A relevância do documentário “Quando o Crioulo Dança” (1989)

Quando o Crioulo Dança é um documentário lançado em 1989 e dirigido por Dilma Lóes. O filme mescla imagens de movimentos negros e protestos no Brasil com pequenos trechos ficcionais. Estas lacunas ficcionais na evolução do filme servem como uma analogia com a personagem do negro no Brasil.

O objetivo do filme é mostrar, através de imagens de arquivo e dramatização as várias formas de racismo presentes na sociedade brasileira.

Um desses principais momentos históricos que é apresentado no filme, refere-se às imagens de manifestações do Movimento Negro no Brasil. O vídeo aborda o movimento de 1988, intencionalmente promovido no centenário da Abolição escrava no Brasil. Naquele dado momento, o movimento negro procurava pressionar o Governo brasileiro a dar mais visibilidade à população de cor do país.

De um ponto de vista político, o filme procura enaltecer os esforços feitos pela população negra brasileira de forma a se organizar em busca de direitos.Nesse aspecto, o êxito do filme está em mostrar a existência de movimentos sociais que lutam pela causa negra.Segundo a estudiosa Lelia Gonzalez, não foram muitos os movimentos negros de grande expressão no brasil. Alguns exemplos foram a FNB (Fronte Negro Brasileiro), o TEN (Teatro Experimental Negro) e o MNU (Movimento Negro Unido).

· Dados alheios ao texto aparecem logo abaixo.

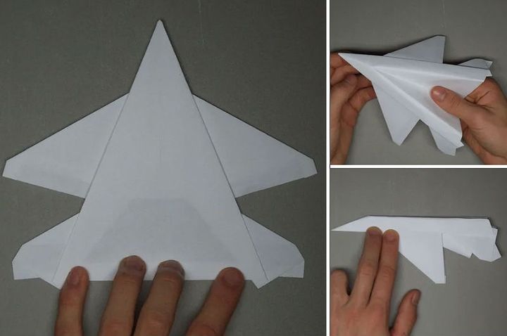 Легендарный истребитель популярен не только в действующей армии, но и среди оригамистов. Его бумажная модель станет настоящим украшением «мужской» комнаты и отличным подарком на 23 февраля, День отца или 9 мая. Единственный минус – изделие плохо летает из-за большого количества мелких складок. Для изготовления F-16 идеально подойдёт лист офисной бумаги.
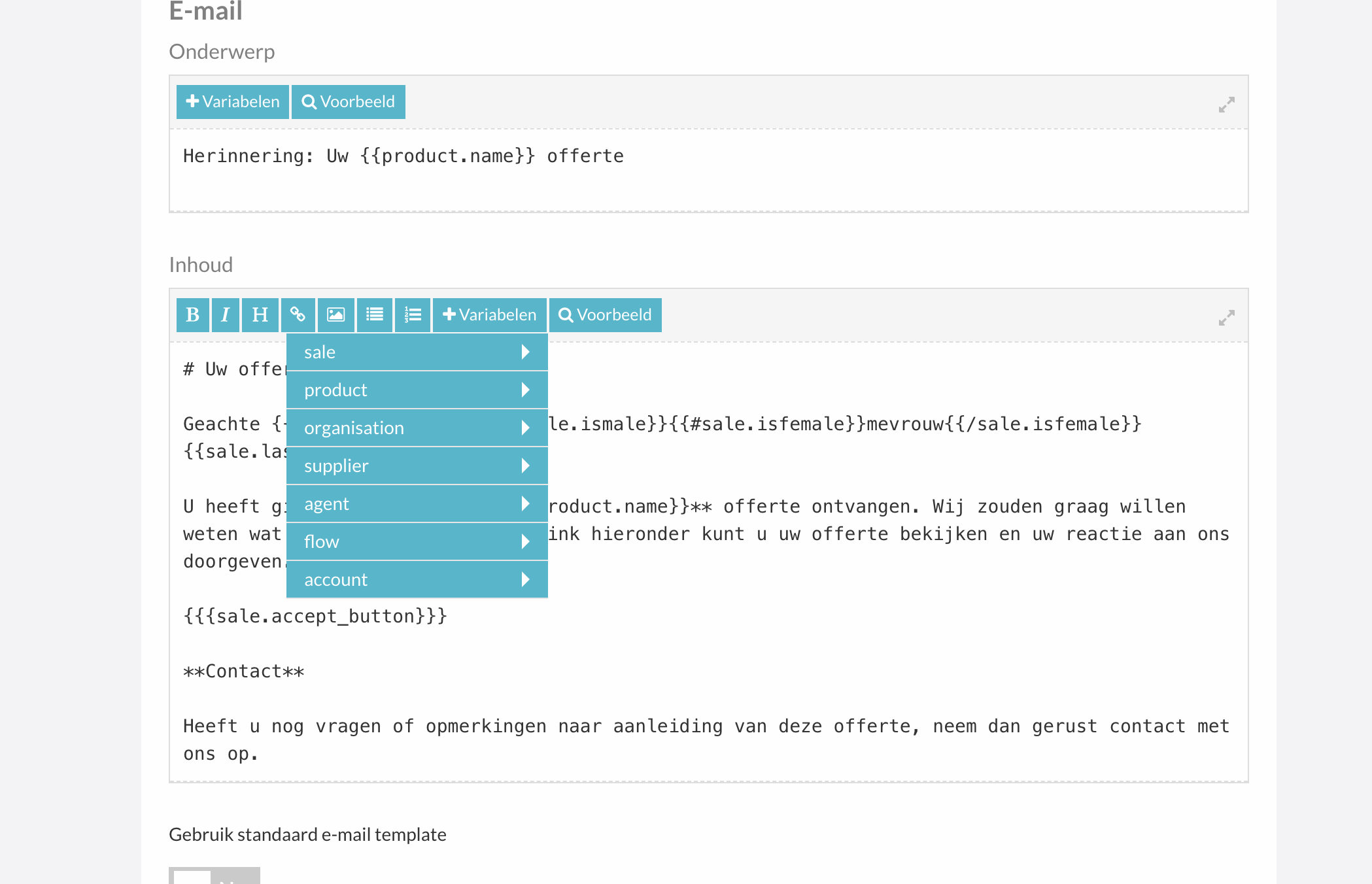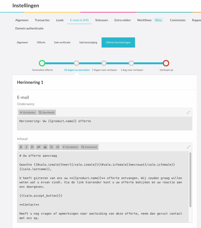 Personalisatie: Via de knop 'Variabelen' kun je dynamische velden toevoegen. Denk aan de naam van de klant, het gekozen product of de naam van de verkoper. Zo krijgt je klant een persoonlijke mail die precies aansluit op de aanvraag.
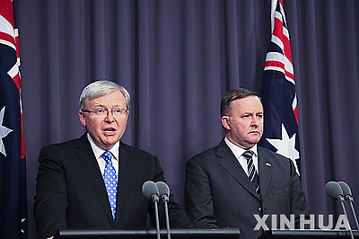 호주의 새 총리로 선출된 노동당 지도자 케빈 러드(왼쪽)와 부총리가 된 앤서니 알바니스가

De acordo com Gonzalez, n o início dos anos 1930, a FNB (Fronte Negro Brasileiro) aparece como o primeiro "movimento negro" organizado no país. Contudo, a sua filiação com o governo e característica paternalizadora é bastante criticada pela estudiosa. Se atenta para o fato de que a FNB não respondeu às principais necessidades do povo negro. Por outro lado, temos na década de 1940, a fundação do TEN (Teatro Experimental Negro). Também criticado por Gonzalez, do mesmo modo que a FNB. A principal crítica é que esses primeiros movimentos se deixaram seduzir pela teoria da “democracia racial” (termo cunhado por Gilberto Freyre e adotado como discurso político pelo Governo brasileiro).

Finalmente, temos a criação do MNU (Movimento Negro Unido) em 1978. Este último pode ser relacionado mais diretamente com o filme. O MNU, de acordo com Gonzalez, foi de longe o primeiro movimento que estabeleceu claramente idéias relevantes sobre o papel do negro na sociedade brasileira. O MNU lutou pelos direitos do povo negro e tentou combater a idéia de democracia racial mostrando a verdadeira realidade da sociedade brasileira.

O filme é relevante em mostrar os esforços realizados pela comunidade negra para melhorar a vida e as condições do povo. O filme se aproxima da leitura de Gonzalez em outros pontos também. Primeiramente, a noção de que o problema racial está relacionado com a política e as estruturas econômicas do país (como também afirma Florestan Fernandes). Em segundo lugar, o racismo é tabu e a força da idéia de democracia racial permanece.

No entanto, o filme traz alguns outros aspectos do racismo no Brasil. Por exemplo, temos a noção de que a prática de racismo (como podemos ver em um dos depoimentos) é real. E em relação a isso, a negação do racismo é real, ao mesmo tempo. As pessoas reconhecem a sua existência, mas refutam ser parte dela.

O humor presente no filme é muito característico de como as pessoas lidam com seus problemas no Brasil. Até o título com duplo sentido, refere-se a isso. A palavra "dança" se refere ao ato de dançar, porém, no contexto do filme, se refere a um tipo de gíria que denota “se dar mal”. Ou seja, quando o homem negro "Dança", é quando os homens negros são vítimas de discriminação e racismo na sociedade

Referências:

FERNANDES, Florestan. Integração do negro na sociedade de classes. English: The Negro in Brazilian Society. Translated by Jacqueline D. Skiles, A. Brunel, and Arthur Rothwell. Edited by Phyllis B. Evelth. Publisher New York, Columbia University Press, 1969.

GONZALEZ, Leila. The Unified Black Movement: a new stage in black political mobilization. In: FONTAINE, Pierre-Michael (Editor). Race, Class and Power in Brazil. University of California, Los Angeles 1985

SKIDMORE, Thomas E. Black into white; race and nationality in Brazilian thought. Publisher New York, Oxford University Press, 1974.